The question came before the City Council after Jay Johnson, the owner of Johnsonville LLC which operates the property, appealed the city’s citation for code violations.
Johnson was originally cited with four ordinance violations, but one, pertaining to a non-permitted fence line, was dismissed, and two others, concerning a prohibited wood-burning stove and prohibited outdoor storage of construction materials, were tabled for later discussion.
City Attorney Susan Dege explained that pursuant to Buffalo City Code Sections 13.06 Subd. 1(f), 13.07 Subd. 1(c) and 13.06 Subd. 2(B), which regulate the size and manner of display for signs within the city, the flag is in violation of municipal sign ordinances, namely because the flag is too large, flying outside of the permit timeframe of election season, and being flown on a piece of construction equipment. The full Buffalo City Code is available here. Footage from the Monday, May 17th meeting can be viewed here.
“There are free speech rights,” Dege explained, “however, the Supreme Court has analyzed in several cases what a city can do. The city can’t focus on a message, but what the city can do is regulate the time, place and manner of when signage is allowed.”

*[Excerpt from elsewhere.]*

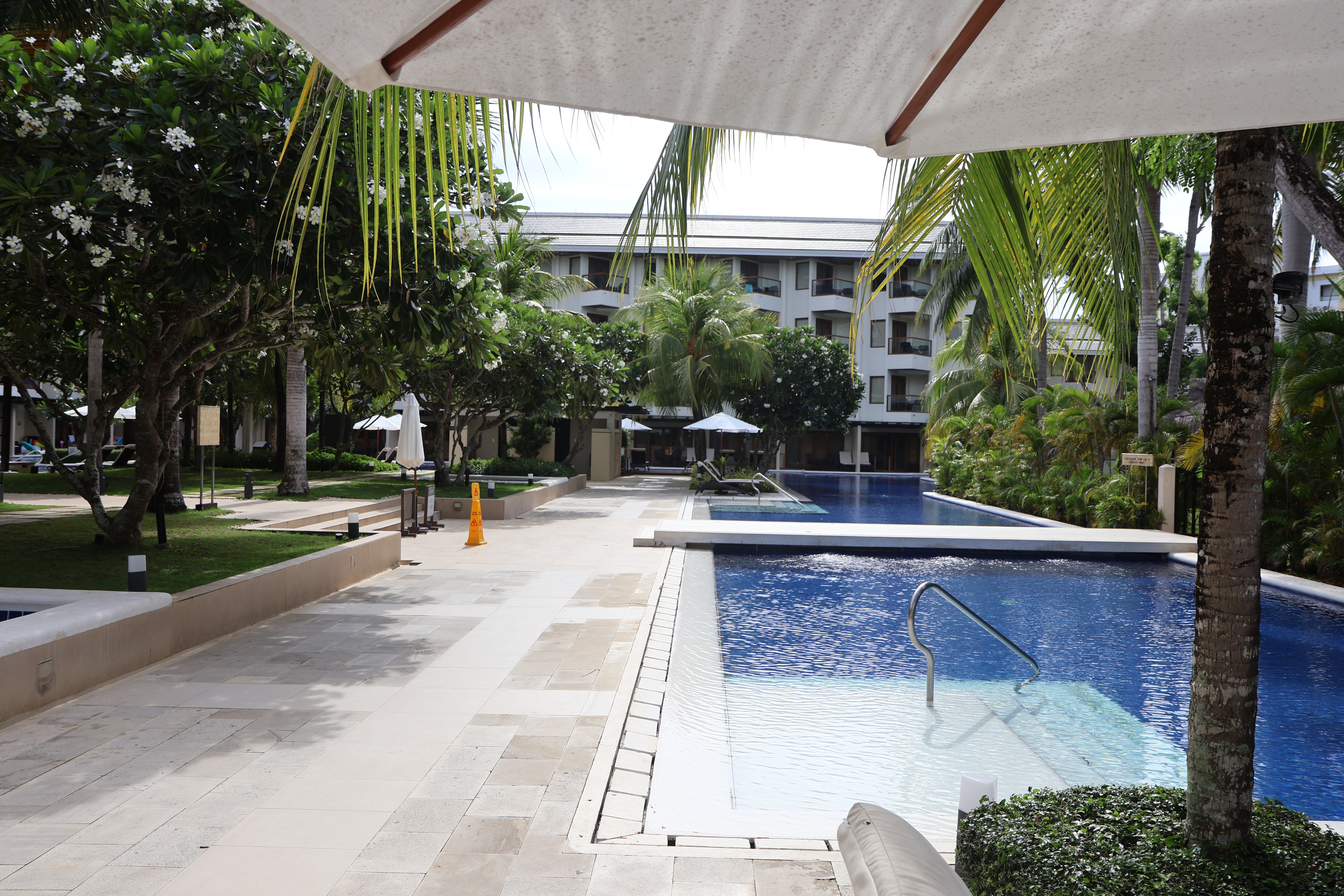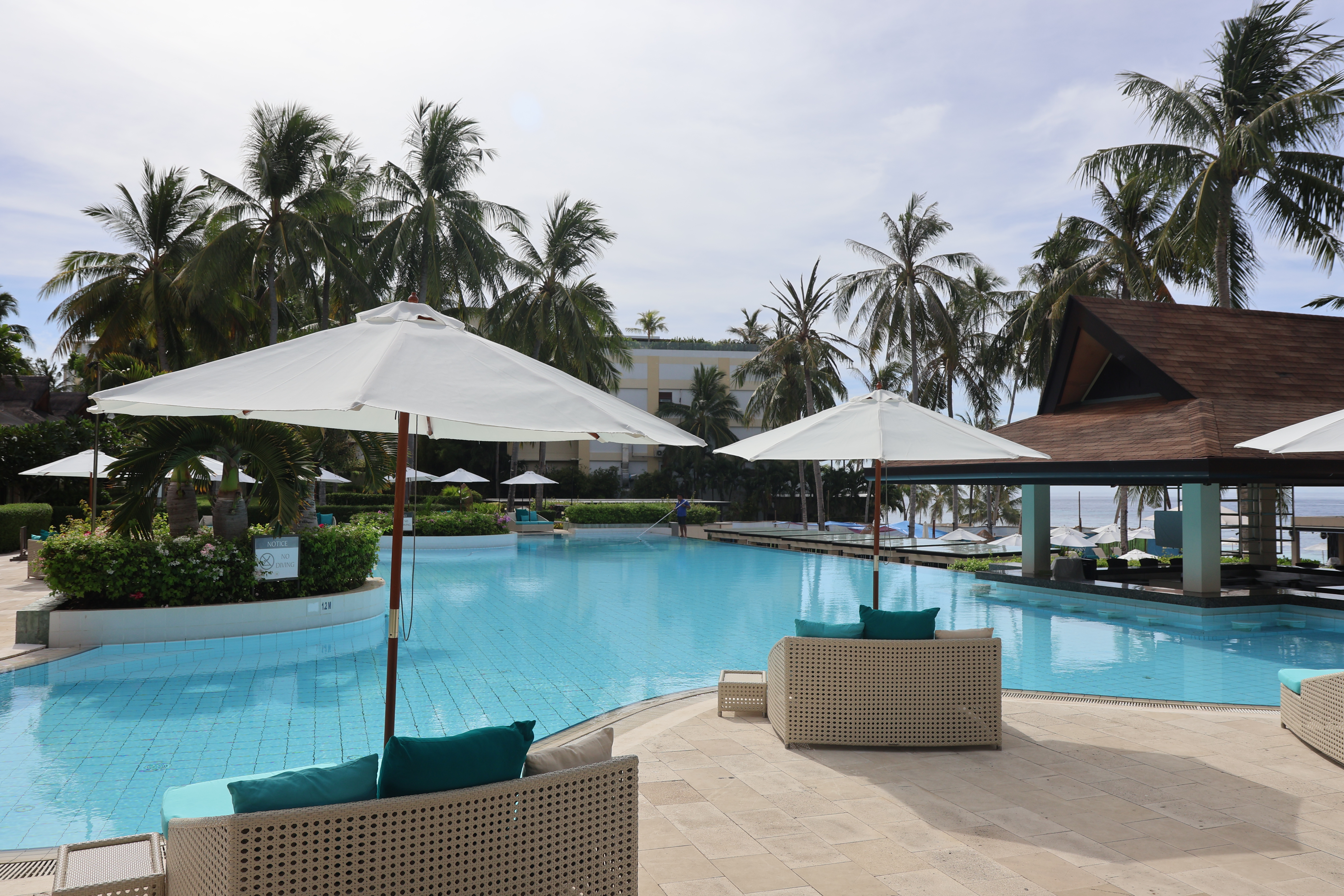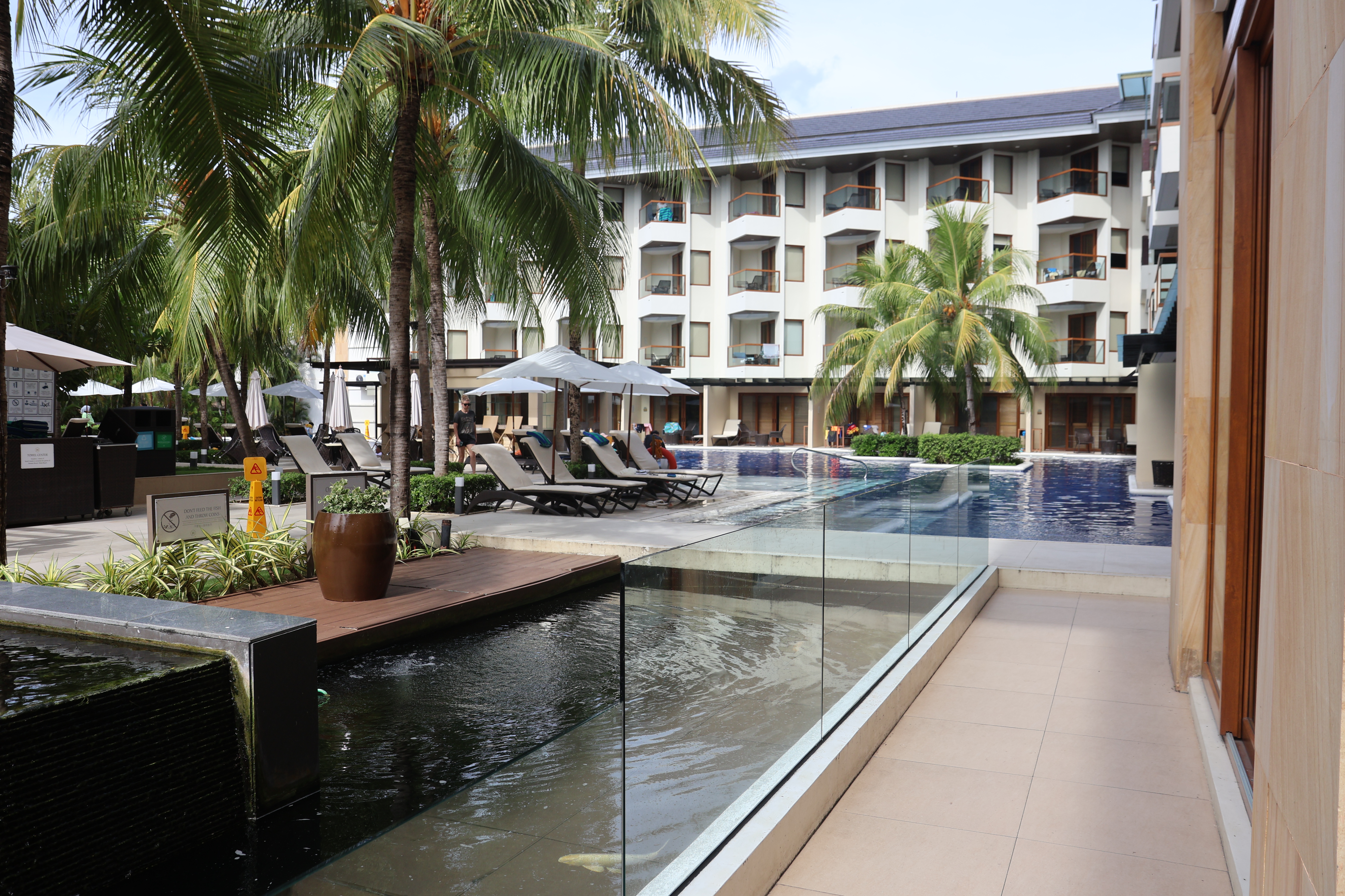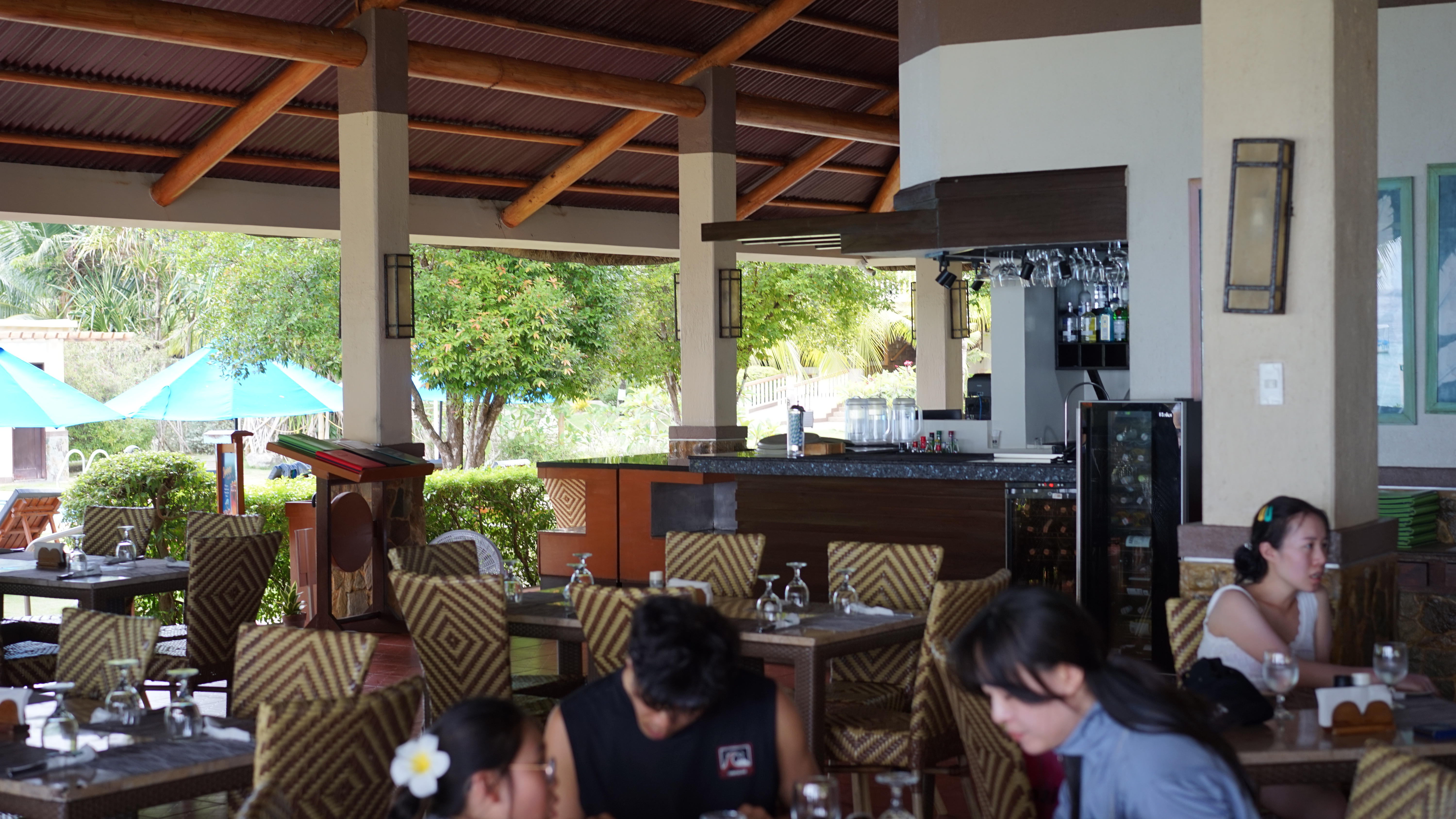 리조트 수영장을 바라보며 먹을 수 있는 테라스 공간도 있다.

Three notices of violation were given, each carrying a $200 fine. Johnson has not paid any of the fines while engaged in the administrative appeal process. The city is seeking a total fine of $600 for all violations incurred.
There was some debate surrounding the definition of a sign and whether the flag on the Johnsonville property meets that definition. The City of Buffalo defines a sign for code enforcement purposes broadly as, “Use of words, numerals, figures, devices or trade marks by which anything is made known such as individuals, firms, professionals, businesses, services or products and which is visible to the general public.”

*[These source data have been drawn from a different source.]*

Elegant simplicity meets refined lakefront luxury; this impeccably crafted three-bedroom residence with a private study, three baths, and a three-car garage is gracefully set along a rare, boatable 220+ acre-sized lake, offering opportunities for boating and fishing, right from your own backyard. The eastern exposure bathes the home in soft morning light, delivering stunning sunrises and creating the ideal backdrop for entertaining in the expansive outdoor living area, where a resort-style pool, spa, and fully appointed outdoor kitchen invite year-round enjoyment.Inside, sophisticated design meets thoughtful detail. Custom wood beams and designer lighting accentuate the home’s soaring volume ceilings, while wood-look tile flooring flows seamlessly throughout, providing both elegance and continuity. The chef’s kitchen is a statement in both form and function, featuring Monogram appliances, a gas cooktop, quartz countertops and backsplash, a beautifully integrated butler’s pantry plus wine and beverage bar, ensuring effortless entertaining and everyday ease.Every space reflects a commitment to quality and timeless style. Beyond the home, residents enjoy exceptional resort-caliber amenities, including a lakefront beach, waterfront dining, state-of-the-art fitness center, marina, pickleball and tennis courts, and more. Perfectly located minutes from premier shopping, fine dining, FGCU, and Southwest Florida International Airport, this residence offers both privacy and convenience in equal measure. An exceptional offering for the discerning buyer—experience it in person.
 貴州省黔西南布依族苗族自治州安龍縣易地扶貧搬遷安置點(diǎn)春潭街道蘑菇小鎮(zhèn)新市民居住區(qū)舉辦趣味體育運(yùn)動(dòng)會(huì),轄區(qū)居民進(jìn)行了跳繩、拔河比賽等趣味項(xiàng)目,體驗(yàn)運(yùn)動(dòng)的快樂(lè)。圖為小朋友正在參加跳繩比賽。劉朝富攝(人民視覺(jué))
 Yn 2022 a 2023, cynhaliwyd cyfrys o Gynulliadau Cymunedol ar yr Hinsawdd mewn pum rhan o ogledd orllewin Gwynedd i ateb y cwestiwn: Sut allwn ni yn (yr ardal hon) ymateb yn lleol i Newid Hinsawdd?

Johnsonville’s attorney, Devlan Sheahan of Minneapolis, argued that the flag not only is not a sign, but that the city is trying to inappropriately regulate Johnson’s speech.
“I ask you to think about one fundamental principle,” said Sheahan,“that’s for a person to have their privacy. For a person to have the right to be in their home, on their property, and not be bothered. It’s a right that is most important when it touches on a person’s beliefs, ideology and principles.”
Sheahan continued, “The city is here trying to impose fines on Mr. Johnson and they are trying essentially to punish his beliefs, punish his viewpoints, and the mechanism for doing that is Section 13 of Buffalo’s city ordinances. What Section 13 regulates is the use of signage, and there’s a distinction. As English speakers, it’s pretty obvious to us that there is a distinction between a sign and a flag. Really it’s quite simple, what Mr. Johnson has on his property does not violate Section 13 of the Buffalo City Code because it is not a sign.”
Later, Jay Johnson addressed the City Council directly stating, “I’m a reasonable guy and I’d like to say that in the end you’re reasonable, but I really think that we’re going to take this to court and we’re going to do it the hard way and I’m going to win. I don’t want to do that, but, if I have to, I will.”
“You have the choice to either back away, or battle with me. I’ll do whatever I need,” elaborated Johnson.
Johnson also explained some of his motivations behind the flag. “The idea of putting the flag up is not to offend anybody. I told the police chief that the reason I put the flag back up is because when I put it back up a woman drove in, tears running down her cheeks, and she said, ‘Thanks Jay for putting that up again. That gives me hope.’”
Members of the public were given time to address the council on the matter as well. There were some tense moments when community members addressed the council and calls to regain order were occasional.
Some questioned how the city will enforce this provision of the City Code equally throughout the city, specifically addressing the many other flags and signs through the city. One woman pointed out that the 8 sq. ft. maximum for non-permitted signage within the city is often violated, explaining how a 5ft x 7ft American flag would far exceed that limit, measuring 35 sq. ft. It was noted that Minnesota and American flags are exempted from City Code provisions at private residences per state law.
Others spoke about feeling squeezed by the application of an ordinance they believe limits citizens’ freedom of speech and freedom of expression. No one from the public spoke at the meeting in support of the flag’s removal.
City Administrator Laureen Bodin said that of the about 200 comments the city has received concerning the flag, roughly half were in favor of the flag’s removal and roughly half supported leaving the flag as is.
After hearing input from the community, the City Council voted unanimously to follow the recommendation of City Attorney Dege and begin civil proceedings against Johnson seeking the flag’s removal and $600 dollars in fines for the code violations. The case will now be presented before a judge who will review the merits of each argument.